William Dick
Biography – William Dick
William Dick was born in Glasgow in 1950. He studied at Glasgow School of Art,1971 -1972, Duncan of Jordanstone College of Art, Dundee 1972-1977 and Saint Martin’s School of Art London 1977-1978. He has exhibited internationally in solo and group exhibitions, and has been the recipient of numerous awards and bursaries: most notably from the Pollock-Krasner Foundation, the British Council, UNESCO – Aschberg Scholarship, Adolph and Esther Gottlieb Foundation Award and Pilar Juncosa Award. The development of his work has involved highly regarded artist residencies in the UK, USA, Russia, Hungary and the Middle East, amongst these: Crawford Arts Centre, St Andrews, Bemis Center, Omaha, Triangle Artists’ Workshop, New York and a fellowship at Yaddo Artists’ Residence, Saratoga Springs, New York, USA.
He has exhibited widely in solo and group exhibitions both in the institutional and commercial sectors. Dick’s work is represented in public collections in the UK, USA and Europe.
Statement – William Dick
I am a painter who works with various media on canvas/ paper, and produce prints, which relate directly to these paintings. The scale of my work varies from Works on Canvas, Drawings and Prints, 250 x 250cms to 30 x 30cms, but I feel there is a continuity of theme and technique running through my work no matter the scale.
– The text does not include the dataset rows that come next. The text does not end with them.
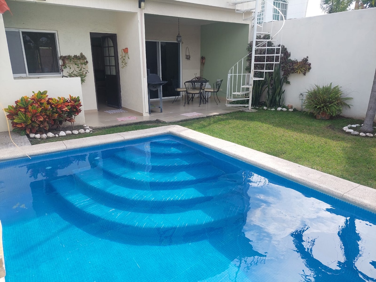 A 20 minutos del centro de Cuernavaca, totalmente equipada y muy confortable, cuenta con 2 habitaciones con Aire Acondicionado c/u, 2 baños completos y 1/2 baño en PB, terraza, comedor, cocina y patio de servicio, que harán de tus días una estancia cómoda y agradable. La privada cuenta con una piscina con chapoteadero (para los más pequeños), juegos infantiles y una palapa donde puedes pasar un día tranquilo con tu familia y/o amigos. ¡Bienvenido!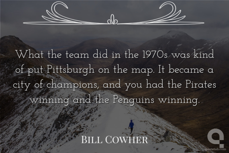 What the team did in the 1970s was kind of put Pittsburgh on the map. It became a city of champions, and you had the Pirates winning and the Penguins winning. Bill Cowher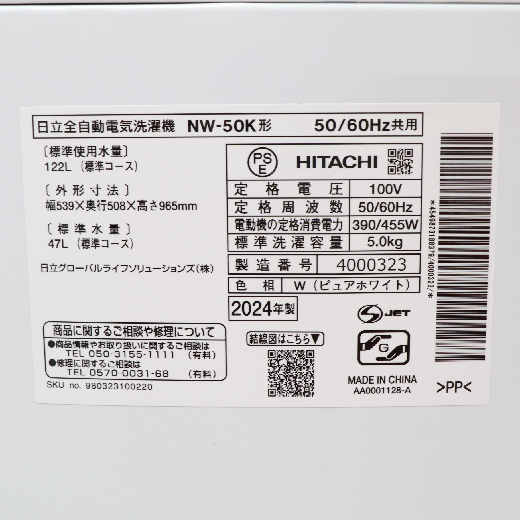 〔展示品〕 全自動洗濯機 2ステップウォッシュ ピュアホワイト NW-50K-W [洗濯5.0kg /簡易乾燥(送風機能) /上開き]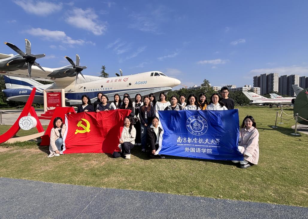 外国文学党支部、三航翻译实践研究党支部与典籍翻译实践研究党支部组织全体党员参观南航御风园。御风园讲解员刘婷系统讲解了园内飞机的研发历程与技术特点。从国产大飞机到新型无人机,展品生动呈现了我国航空航天事业辉煌成就与南航人的科研担当。党员们认真倾听、互动交流,深化了对学校 “三航” 特色与学科优势的认知,纷纷表示此次学习融合专业认知与理想信念,激发了传承航空精神、服务国家发展的使命感与责任感。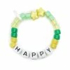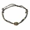 Bracelet sur chaîne en or jaune agrémenté de perles de résine et d’un pendentif en forme de croix serti de diamants. Fermoir classique à ressort avec contre-anneau.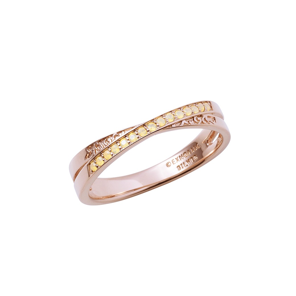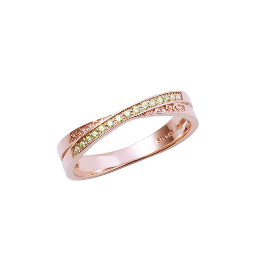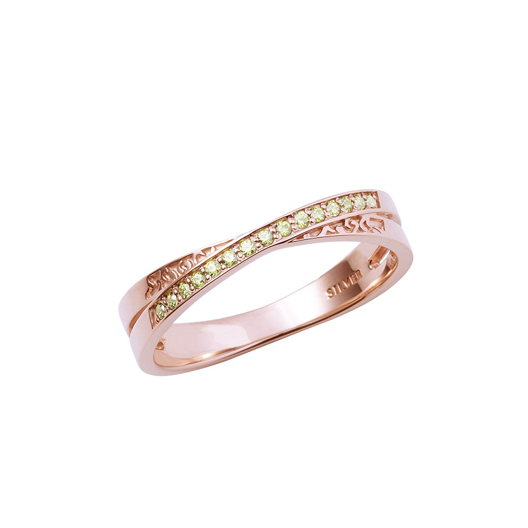 中野の指環(銃)はレトロなピンクゴールドコーティングを施した交差型に、イメージカラーストーンを配しました。さりげない彫りがお洒落なデザインです。

I have always accepted the notion that there are two distinct forms of abstract painting, namely geometric and organic, and given this, my work explores the questions that arise from exploring a minimalist structure in an expressively painterly way, to produce objects which embrace the purest language of painting. These works transcend the illustrative, treating drawing as a mark making process and by offering themselves as physical objects they, paradoxically, are able to create in the mind of the spectator an imaginary, ambiguous, atmospheric world that is wholly located in the abstract language of painting.
I commence with the fundamental balance in painting between line and colour and have drawn on ancient symbolic shapes from my Scottish heritage. It is purely abstract and the apparent appropriation of forms found in Celtic and other ancient art represents an attempt to create an historical context for my modernist language beyond the confines of the Western Tradition. Regarding colour, I begin from observation of geological form and the substance of land; of dust, sand, mud and rock as well as the outcrop of local street furniture/ architecture; weather along with the effects of weathering and the extreme and exotic colour of lichen, peat and mosses.
My work relies in the process that involves building layers and skeins and glazes of various types of paint over a long period of time. Opacity is juxtaposed with transparency; surfaces and colours are concealed and revealed which results in a tonal complexity which is simultaneously disturbing and poetic. There are no comforting allusions to landscape or still life, thereby evoking pure painting probably at its purest. The materiality of the paintings is crucial to their effect, their success as objects and ultimately, the reaction they provoke in the spectator.